Время постепенно залечило семейную рану, а заодно принесло существенные перемены. В марте 1877 года умер дедушка Эллы, принц Карл. Поскольку у Великого герцога не было детей, Людвиг, как старший племянник правителя, стал наследником Гессенского престола, взойти на который ему пришлось спустя всего три месяца. Возглавлявший страну двадцать девять лет Великий герцог Гессенский и Прирейнский Людвиг III скончался 13 июня, и его символический трон занял отец Эллы, Людвиг IV.
Нового сюзерена подданные встретили очень тепло. И у него, и у его жены прибавилось обязанностей, причем Алиса попыталась провести некоторые социальные реформы, на что ее сил уже не хватало. Хотя чувства гессенцев давно потеплели, их герцогиня утратила былую искорку: она интересовалась общественной деятельностью, науками, искусством, но все больше уходила в себя. В семье же ничего не изменилось – та же бедность, та же нехватка элементарного, тот же повседневный распорядок.
Летом 1878 года семейство Людвига отправилось в Англию. Детям был необходим целебный морской воздух. Королева сняла для них большой особняк на берегу Ла-Манша, в Истборне, любимом курорте англичан. Впрочем, Алисе, как всегда, было не до отдыха. За короткое время она и здесь организовала несколько благотворительных акций, а в октябре повезла детей к бабушке в Осборн. Новая встреча с домом детства не обрадовала, герцогиню не покидали мрачные мысли, усилившиеся после недавней лондонской катастрофы. 3 сентября на Темзе затонул прогулочный пароход «Принцесса Алиса». Под покровом ночи в него врезалось груженное углем судно, что привело к гибели порядка семисот человек. Та, чье имя красовалось на борту злосчастного парохода, сочла произошедшее дурным предзнаменованием. Расстроенная и печальная, перед отъездом из Осборна она сфотографировалась со старшими дочерьми. Как принято, на память. Это будут ее последние фотографии…
Сразу по возвращении домой, 5 ноября, принцесса Виктория пожаловалась на боль в шее. Следующим утром у нее диагностировали дифтерию, быстро поразившую и других детей. Не заболела только Элла, немедленно изолированная во дворце, а затем вывезенная из Дармштадта. 15 ноября болезнь перешла на четырехлетнюю Мэй. Ее хрупкий организм не смог справиться с таким тяжелым недугом, и той же ночью девочка умерла.
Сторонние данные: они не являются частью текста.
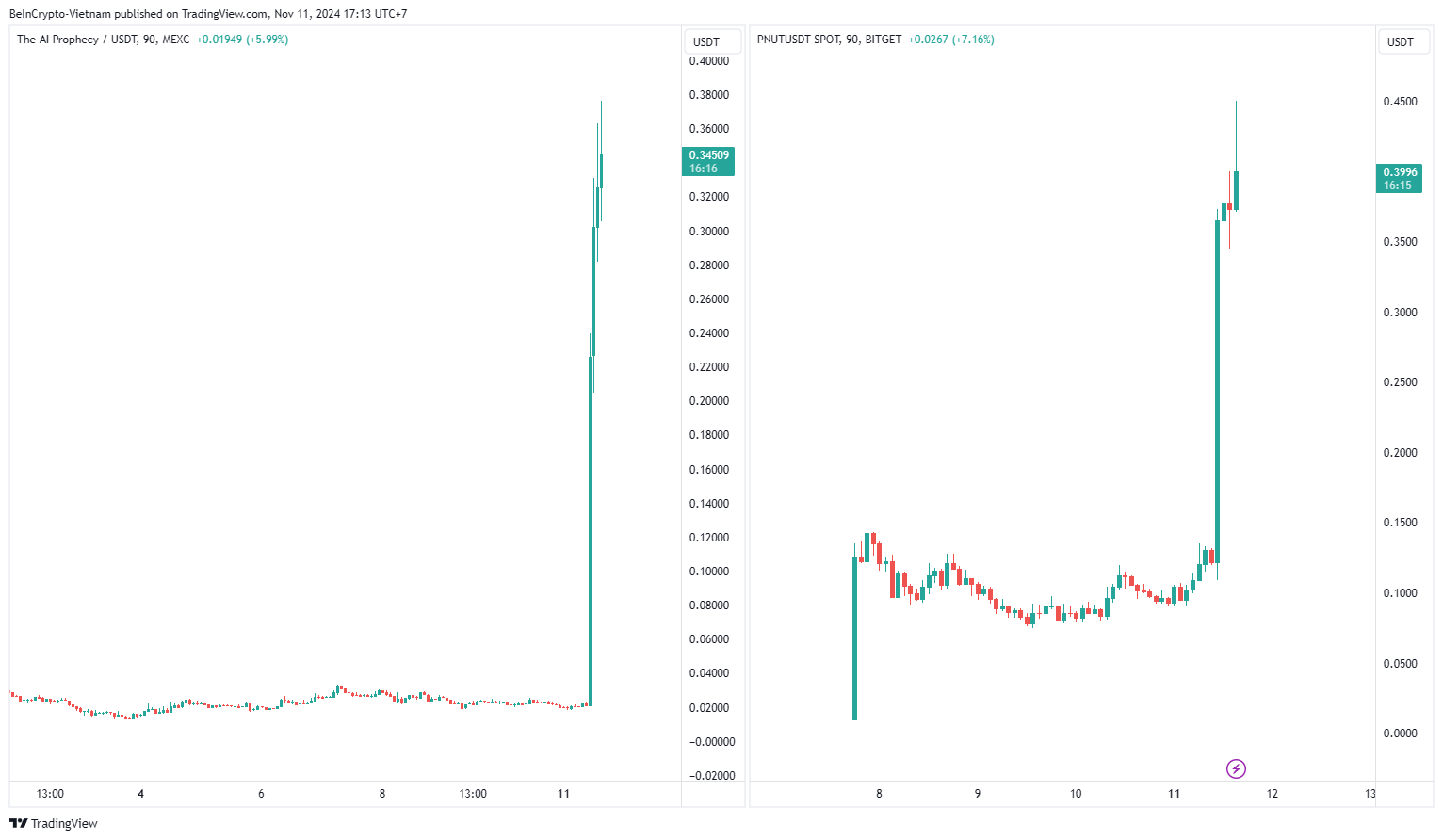 Trước thông báo niêm yết, The AI Prophecy (ACT) là một meme coin chủ đề AI có vốn hóa chỉ 20 triệu USD và khối lượng giao dịch trong ngày chưa tới 30 triệu USD. Tương tự, Peanut the Squirrel (PNUT) cũng là một Solana meme coin có vốn hóa chưa tới 100 triệu USD và khối lượng 24h chỉ khoảng 50 triệu USD.

Алиса обезумела от горя. Смерть любимой малютки она долго скрывала от других детей, но постоянные просьбы Эрни передать сестренке подарок заставили ее сказать правду. Заплакавший мальчик бросился в материнские объятия, и Алиса, пренебрегая опасностью, нежно поцеловала больного сына. Этот поцелуй назовут позднее «поцелуем смерти», хотя, возможно, заражение герцогини спровоцировало что-то другое. Две недели она чувствовала себя хорошо, говоря о возвращении сил, но 7 декабря слегла.
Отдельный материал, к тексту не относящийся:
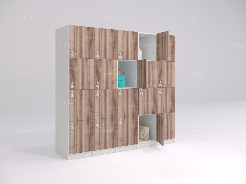 Шкафчики-сумочницы - это универсальная мебель для хранения обуви, головных уборов, спецодежды, сумок и других личных вещей. Шкафчики на 4 секции широко применяются в гипермаркетах, фитнес клубах, бизнес центрах, универсамах, раздевалках для персонала. Есть возможность фотопечати прямо на изделиях, нанесения логотипов, любых изображений, номеров.
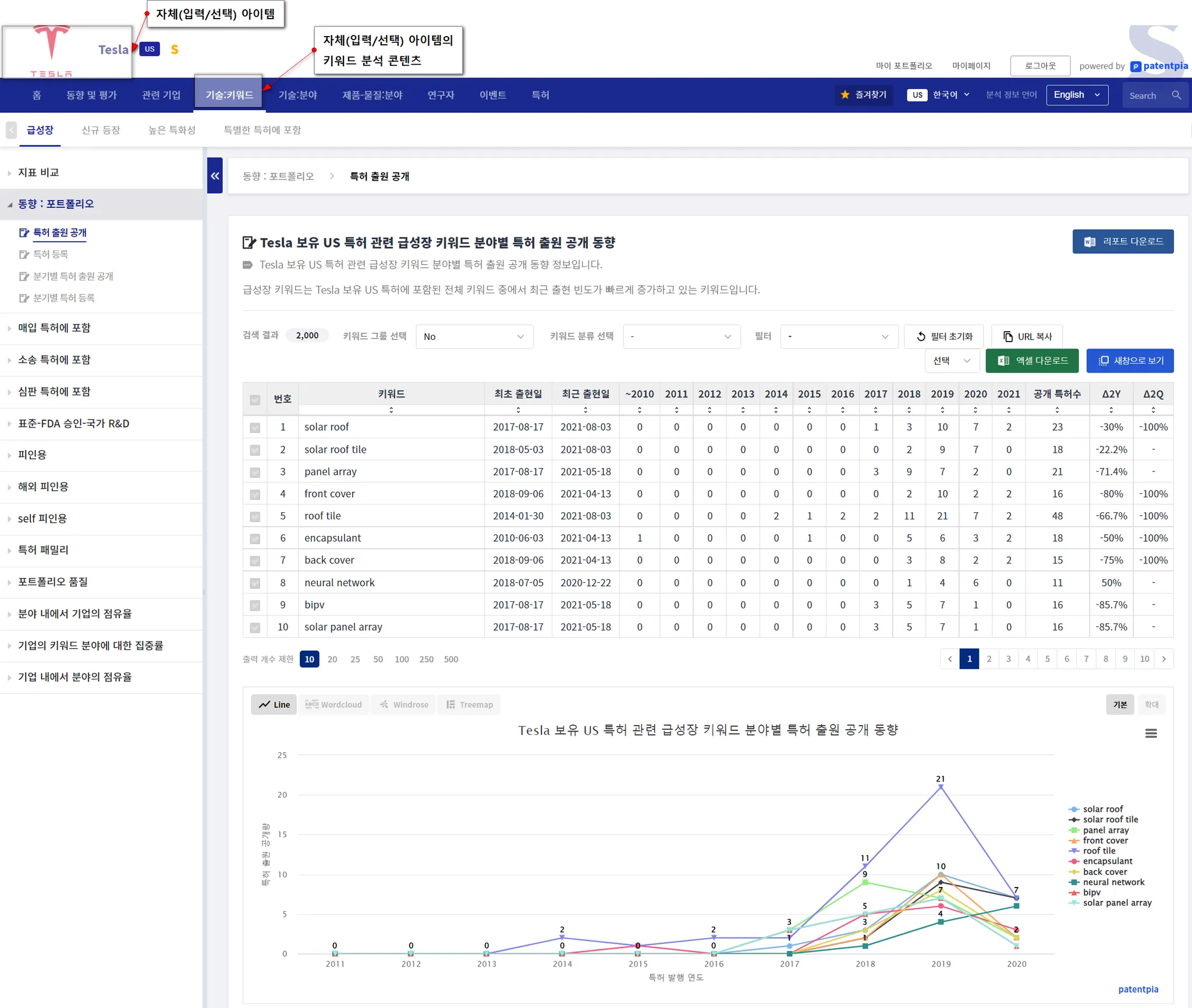 한편, GoldenCompass 페이지로 이동되었기 때문에, GoldenCompass가 제공하는 다양한 다른 분석도 가능합니다. 아래 예시는 선택된 기업의 US 특허 기준 그 특허에 포함된 "급성장 키워드" 분석 콘텐츠입니다.

Не имея возможности увидеть мать и не зная о тяжести ее состояния, Элла догадывалась о возникшей угрозе. Едва получив известие о маминой болезни, она послала ей записку: «Дорогая мама! Посылаю тебе эту рамку, которую я сама нарисовала. К сожалению, она не очень красивая. Я надеюсь, что ты чувствуешь себя лучше в этот вечер. Я пишу так крупно, чтобы тебе было легче читать в постели». Беспокоилась и об отце: «Дорогой папа, мне бесконечно жаль, что мама плохо себя чувствует. Если я смогу что-то сделать для тебя, пожалуйста, дай мне знать. Я всегда очень рада, если могу тебе как-то помочь».
Трагическая развязка наступила 14 декабря в восемь часов утра. Роковая дата, годовщина смерти принца Альберта… Отец словно звал к себе дочь в день своей памяти, и последними словами умирающей были: «Дорогой папа!»
Герцогство погрузилось в траур. Люди искренне переживали утрату, оплакивая неутомимую благодетельницу. Подлинный масштаб ее личности только теперь стал по-настоящему понятен подданным. С церковной кафедры пастор Зелл говорил о ней как об «истинной матери страны», благородной правительнице, образцовой супруге. «Это был дар божественного провидения нашей земли», – подытожил проповедник. Тем не менее гроб Великой герцогини, согласно ее воле, был покрыт британским флагом. До последних дней она считала себя прежде всего английской принцессой.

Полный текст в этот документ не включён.